Tourism in Austria forms an important part of the country's economy, accounting for almost 9% of the Austrian gross domestic product. Austria has one guest bed for every six inhabitants, and boasts the highest per capita income from tourism in the Organisation for Economic Co-operation and Development. As of 2007, the total number of tourist overnight stays is roughly the same for summer and winter season, with peaks in February and July/August.

In 2007, Austria ranked 9th worldwide in international tourism receipts, with 18.9 billion US$. In international tourist arrivals, Austria ranked 12th with 30.8 million tourists.

Most visited areas 
Vienna attracts a major part of tourists, both in summer and winter. Salzburg receives about a fifth of tourist overnight stays compared to Vienna, which ranks it 2nd in the summer season. In the winter season, a number of winter sport resorts in western Austria overtake Salzburg in the number of tourist overnight stays: Sölden, Saalbach-Hinterglemm, Ischgl, Sankt Anton am Arlberg, and Obertauern.

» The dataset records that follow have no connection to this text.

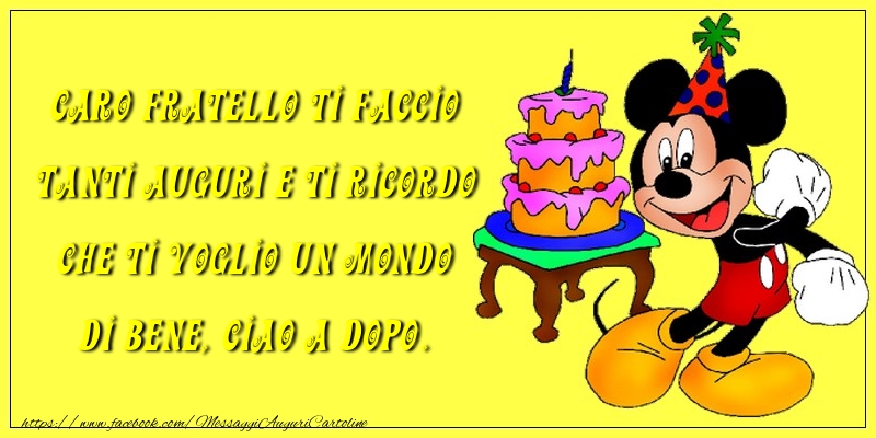 Caro fratello ti faccio tanti auguri e ti ricordo che ti voglio un mondo di bene, ciao a dopo.
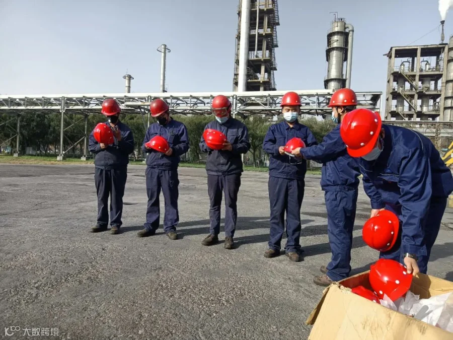 10月15日,众泰煤焦化炼焦一车间,职工拿着新发的安全帽,脸上洋溢着开心的笑容。
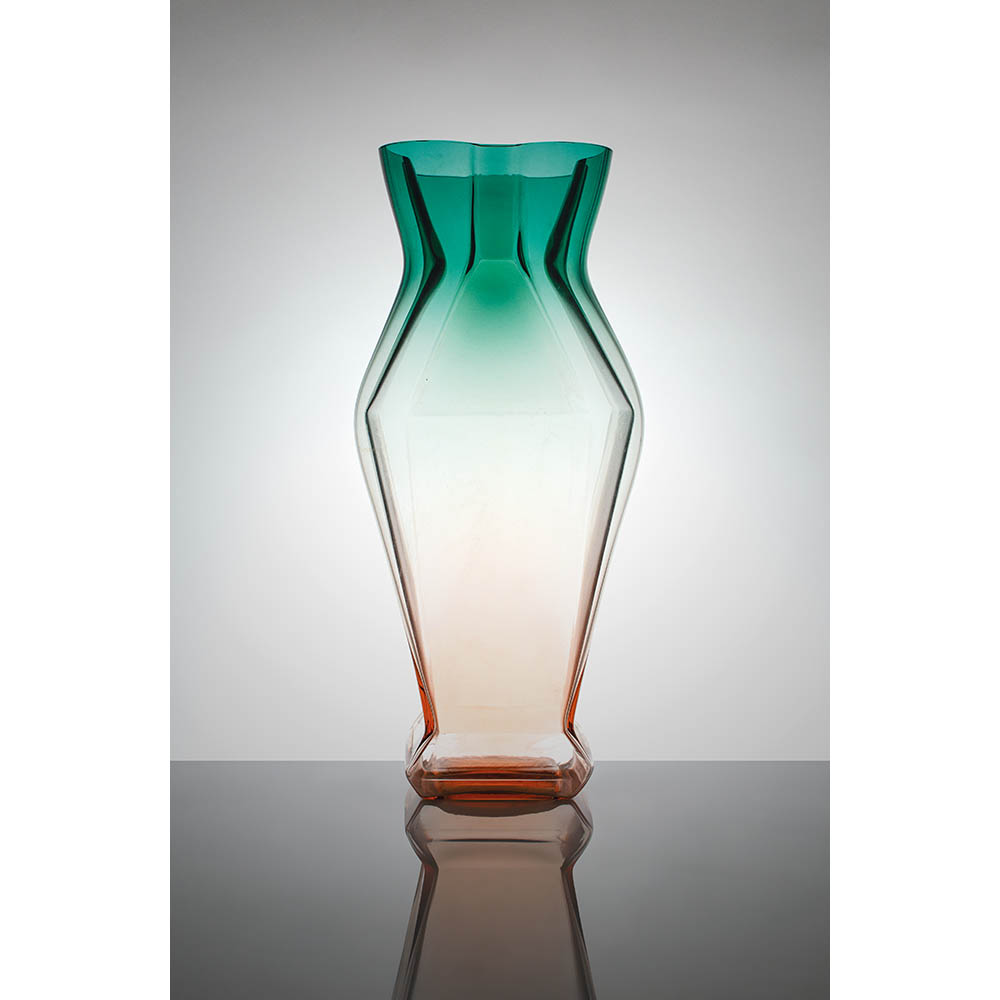 TONI ZUCCHERI, VEART - Grande vaso “Golia” in vetro trasparente degradante dal verde al pesca, fine anni ‘70.
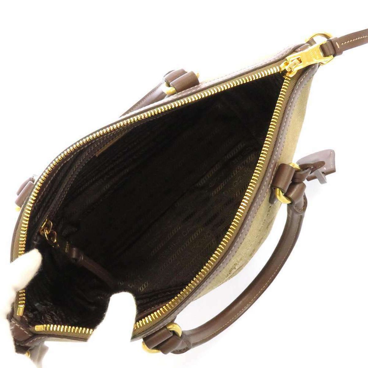 This top-handle convertible handbag from Prada is crafted with a beige canvas and trimmed with smooth brown leather details. The top zipper opens to a jacquard fabric lined interior with a zip pocket and patch pocket. It has double rolled top handles and a detachable shoulder strap. This bag has room for all your essential needs, making it the perfect everyday bag!
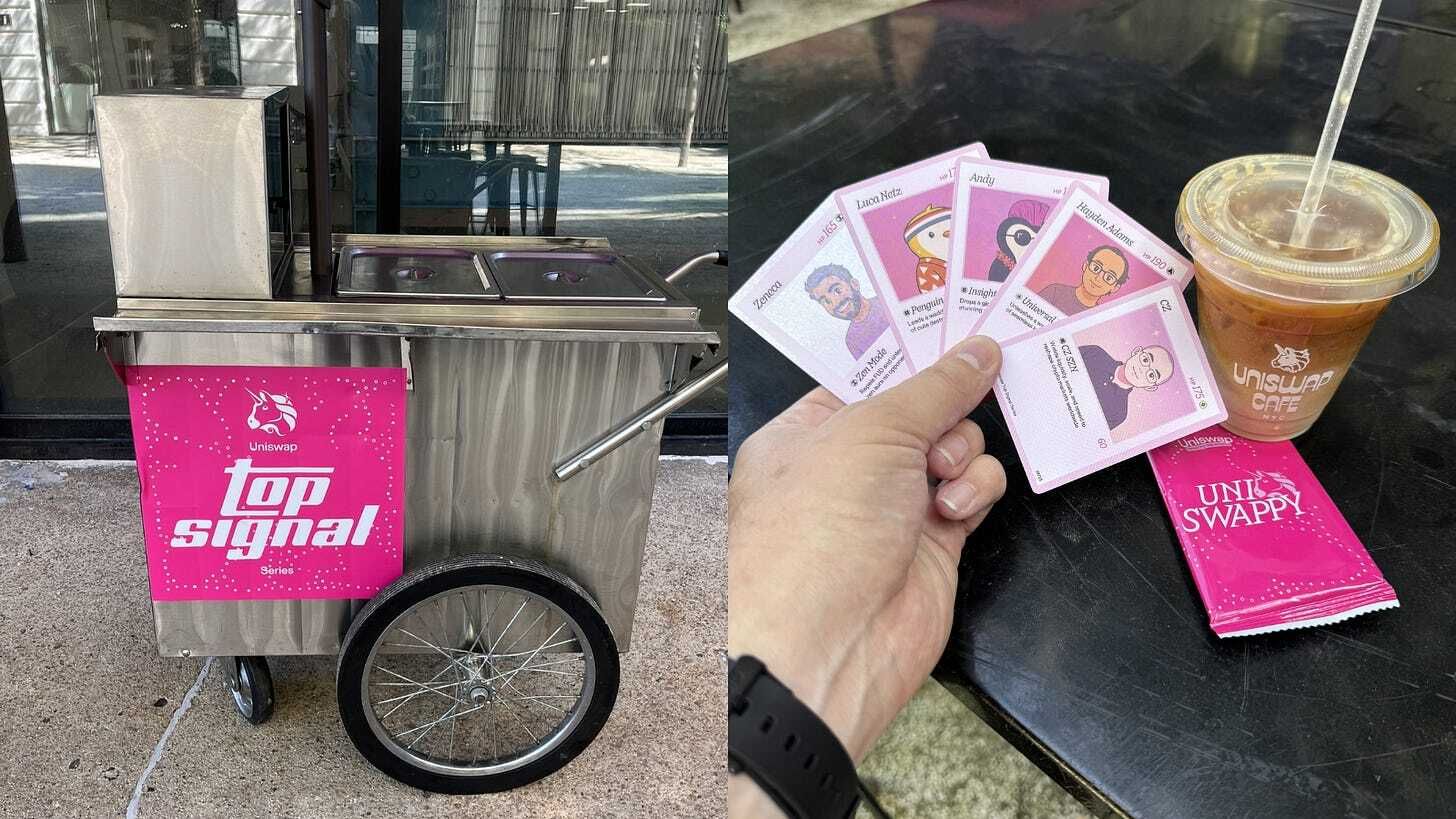 At Permissionless, they hit the streets with creative posters, puns about liquidity and scam tokens. They had a Uniswap-themed van serving coffee with on-brand references, all under the slogan “GET LIQUIDITY HERE.”
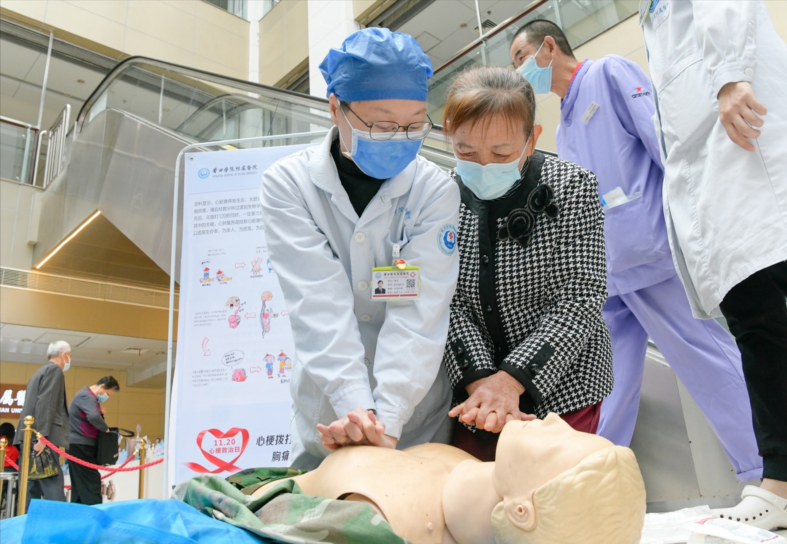 活动现场,心梗风险筛查、血压血糖测量处一字排开,医务人员一边引导就诊群众按照防疫要求有序排队,一边为大家测量体重、血压,从既往病史到日常用药、饮食,医生们耐心询问,细致地进行指导和诊疗服务。同时,医务人员还手把手指导现场群众如何进行规范的心肺复苏流程,进一步向群众普及常见的急救知识。
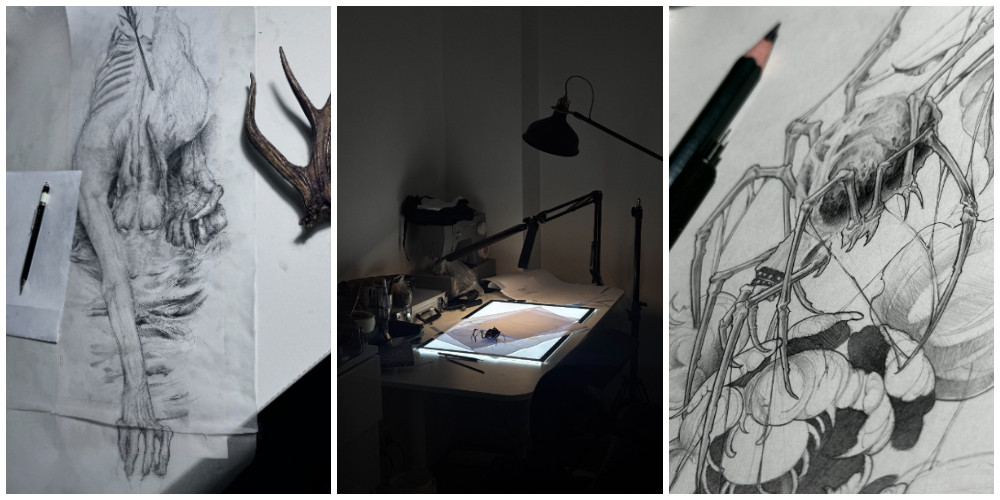 Pentru Anid Alex, singura provocare reală este rafinamentul în procesul de construcție al unui tatuaj: cât de compact se citește stilul, cât de bine se simte vizual și cât de coerent este construit. A înscris două lucrări în competiția VELO, cărora le-a dedicat câteva zile întregi, fără a fi perturbat de altceva, și le-a realizat tradițional, pe foaie, medii mixte de creion, peniță și tuș negru.
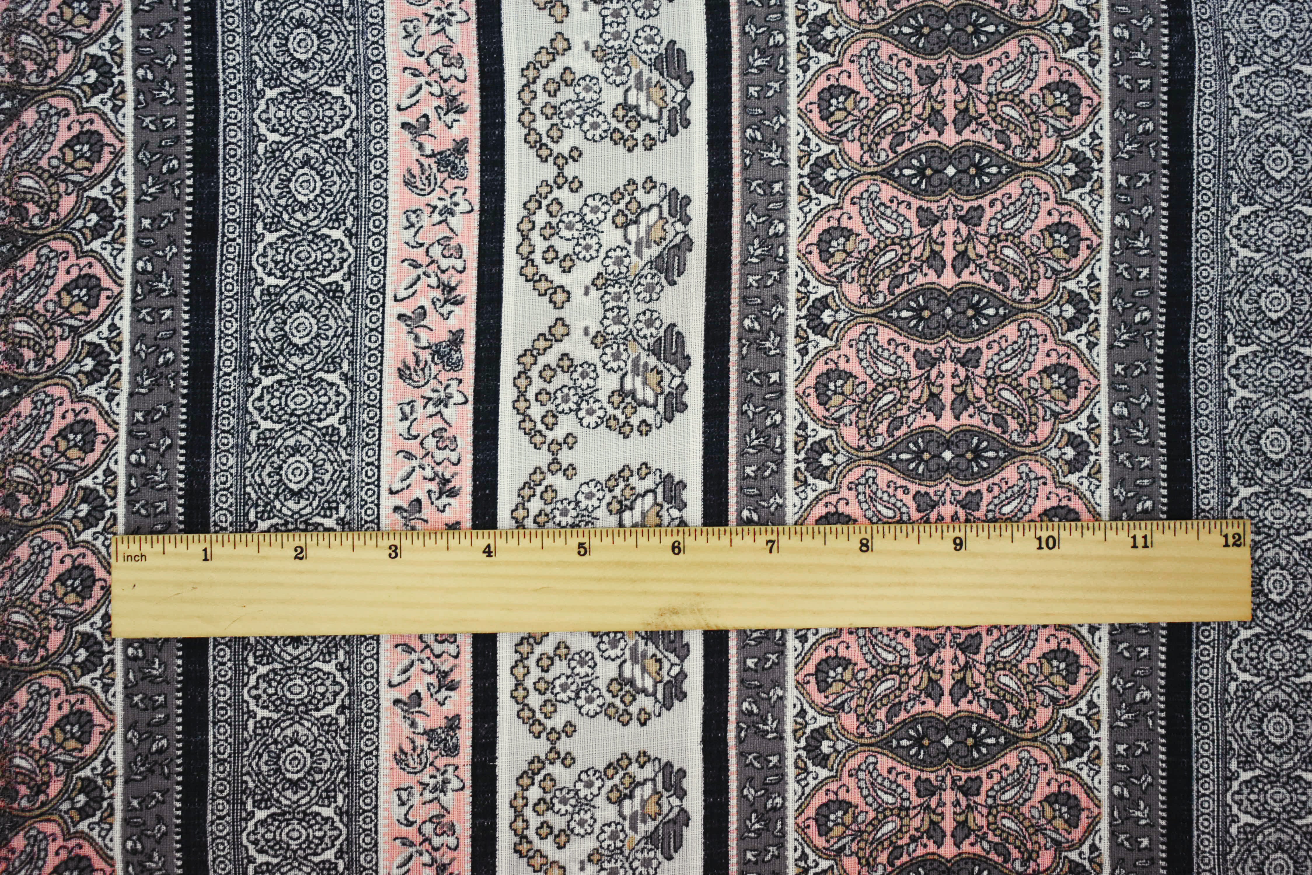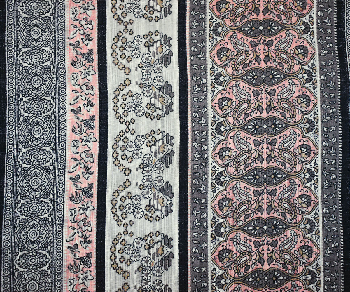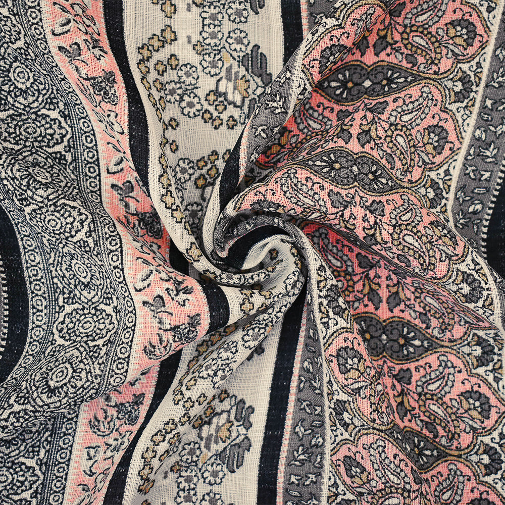 Peach-Gray-Multi Nylon Paisley Floral Stripe Printed Sheer Woven Fabric
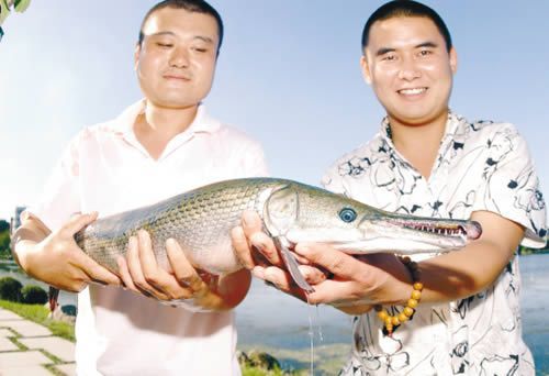 The strange fish is 90-centimeter long and 3-kilogram in weight. According to experts, it is a spotted gar, a ferocious predator which originates in the Americas and is raised by many as a pet. However, it is very rare in China.
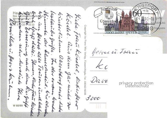 74013736 OBERSTDORF Bayern Gaestehaus Pension Haus Joachim Wintersportplatz Alpen postalisch gelaufen Erhaltung siehe scans [FriedD77] alte Postkarte Frie Katcode 11110009780133
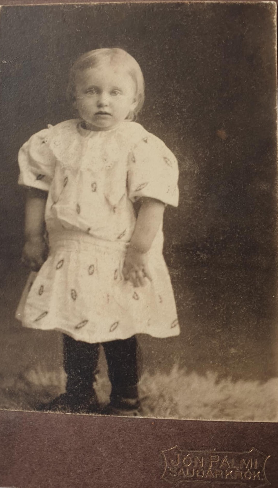 Þetta er merkileg mynd, fyrir það fyrsta er að aldrei höfum heyrt af þessari stúlku allavegana ekki við sem gerum þorpsíðuna út. Takk fyrir þessa sendingu Þórdís Friðbjörnsdóttir. Þessi unga snót var Björg Eiríksen frá Naustum sem flest okkar vitum að er bærinn við Naustavíkina rétt norður af þorpinu.

Visits to Austria mostly include trips to Vienna with its Cathedral, its "Heurigen" (wine pubs) and romantic Waltz music events. Worth a visit are Salzburg, birthplace of Mozart, Innsbruck, capital of Tyrol surrounded by the Alps, Linz, capital of Upper Austria with the largest Cathedral of Austria and modern cultural highlights, and the Danube valley with its vineyards, for example the Wachau or Dunkelsteinerwald, which are between Melk and Krems. In the western part of the country the province Vorarlberg reaches the Lake Constance, in the eastern part Neusiedler See. The three most visited landmarks in Austria are Schönbrunn Palace (2,590,000 visitors per year), Tiergarten Schönbrunn (2,453,987 visitors) and Mariazell Basilica (1,500,000 visitors).

Sports and nature 

Of great touristic importance are the Austrian skiing, hiking and mountaineering resorts in the Alps as well as family-friendly recreation areas (e.g. the Witches's Water in Tyrol). The same applies to the numerous Austrian lakes (e.g. Wolfgangsee and other lakes in the Salzkammergut east of Salzburg or Wörthersee in Carinthia) and castles. Stretching over Vorarlberg and Tyrol, Ski Arlberg is the largest connected ski area in Austria and one of five largest ski areas in the world.

Art and culture 
For visitors interested in media art, there is the Ars Electronica Center in Linz. Since 1979 this center has organized the Ars Electronica Festival and presented the Prix Ars Electronica, the worldwide highest-ranked prize for media art.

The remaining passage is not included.